**Collected material**
Start of Block

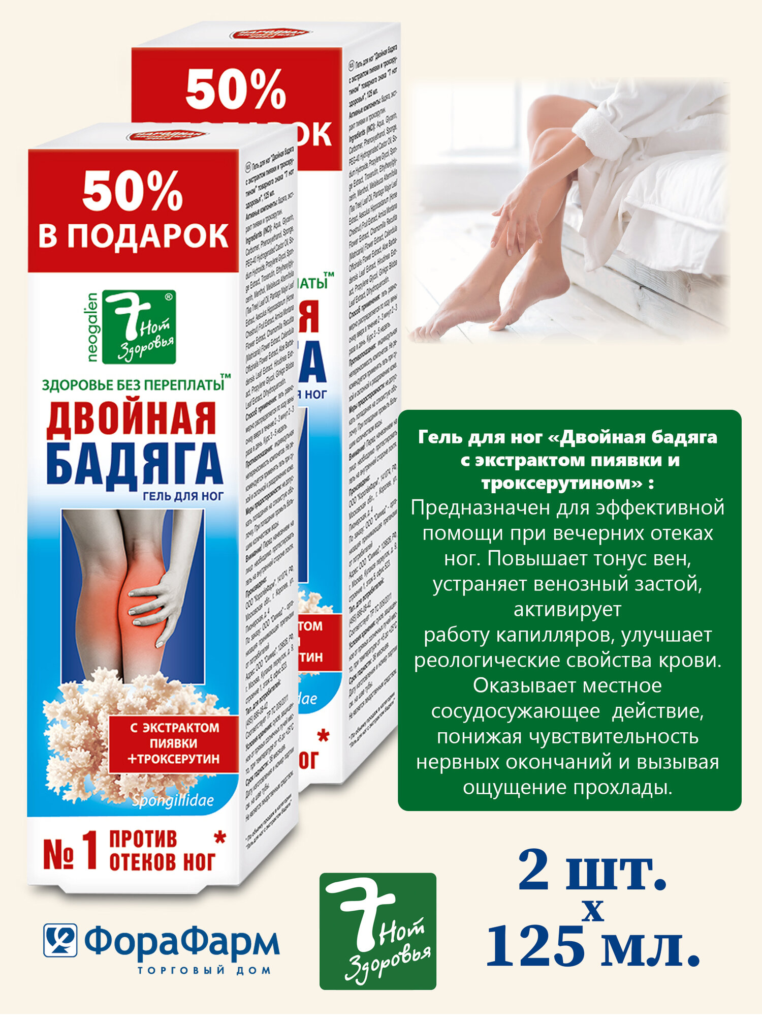 10 цен на Гель для ног «Двойная бадяга с экстрактом пиявки и троксерутином» товарного знака «7 нот здоровья» 125 мл. НПО ФораФарм. Набор 2 шт.
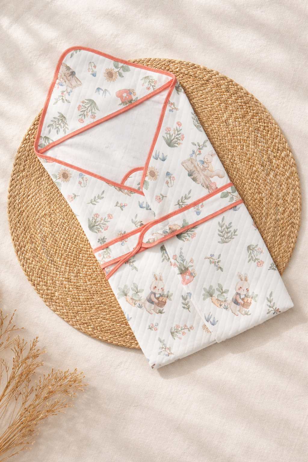 Premium Muslin Hooded Baby Wrap – Floral Bunny Garden Print
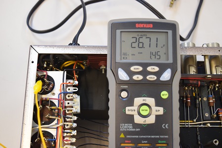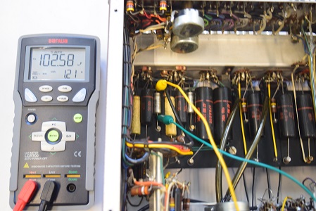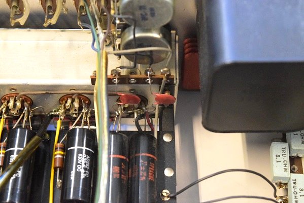 以前のレストアでカップリングコンデンサーを全てブラックビューティー(160P)に換えられていましたが、今回音に特に影響のあるところのみ音の良いコンデンサーに交換しました。フォノイコはRIAA偏差を決めるコンデンサーが劣化して値が変わっていたのでブラックビューティーからマイカコンデンサーに交換しました。
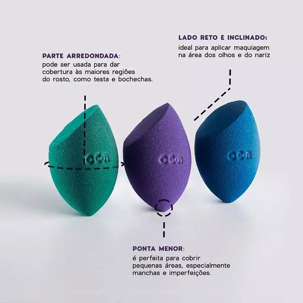 O produto tem um design anatômico em forma de gota com 3 superfícies diferentes: uma angulada, outra curva, além de uma ponta fina. Essa variedade faz deste item a escolha perfeita para aplicar maquiagem líquida, cremosa ou em pó em todo o rosto com o mesmo produto. Maravilhoso, né?

End of Block

**Description of the task**
Only the lines from the line with "Premium Muslin Hooded" through the final line of the material belong in the answer, copied exactly and without pictures.

**Response**
 Premium Muslin Hooded Baby Wrap – Floral Bunny Garden Print
 以前のレストアでカップリングコンデンサーを全てブラックビューティー(160P)に換えられていましたが、今回音に特に影響のあるところのみ音の良いコンデンサーに交換しました。フォノイコはRIAA偏差を決めるコンデンサーが劣化して値が変わっていたのでブラックビューティーからマイカコンデンサーに交換しました。
 O produto tem um design anatômico em forma de gota com 3 superfícies diferentes: uma angulada, outra curva, além de uma ponta fina. Essa variedade faz deste item a escolha perfeita para aplicar maquiagem líquida, cremosa ou em pó em todo o rosto com o mesmo produto. Maravilhoso, né?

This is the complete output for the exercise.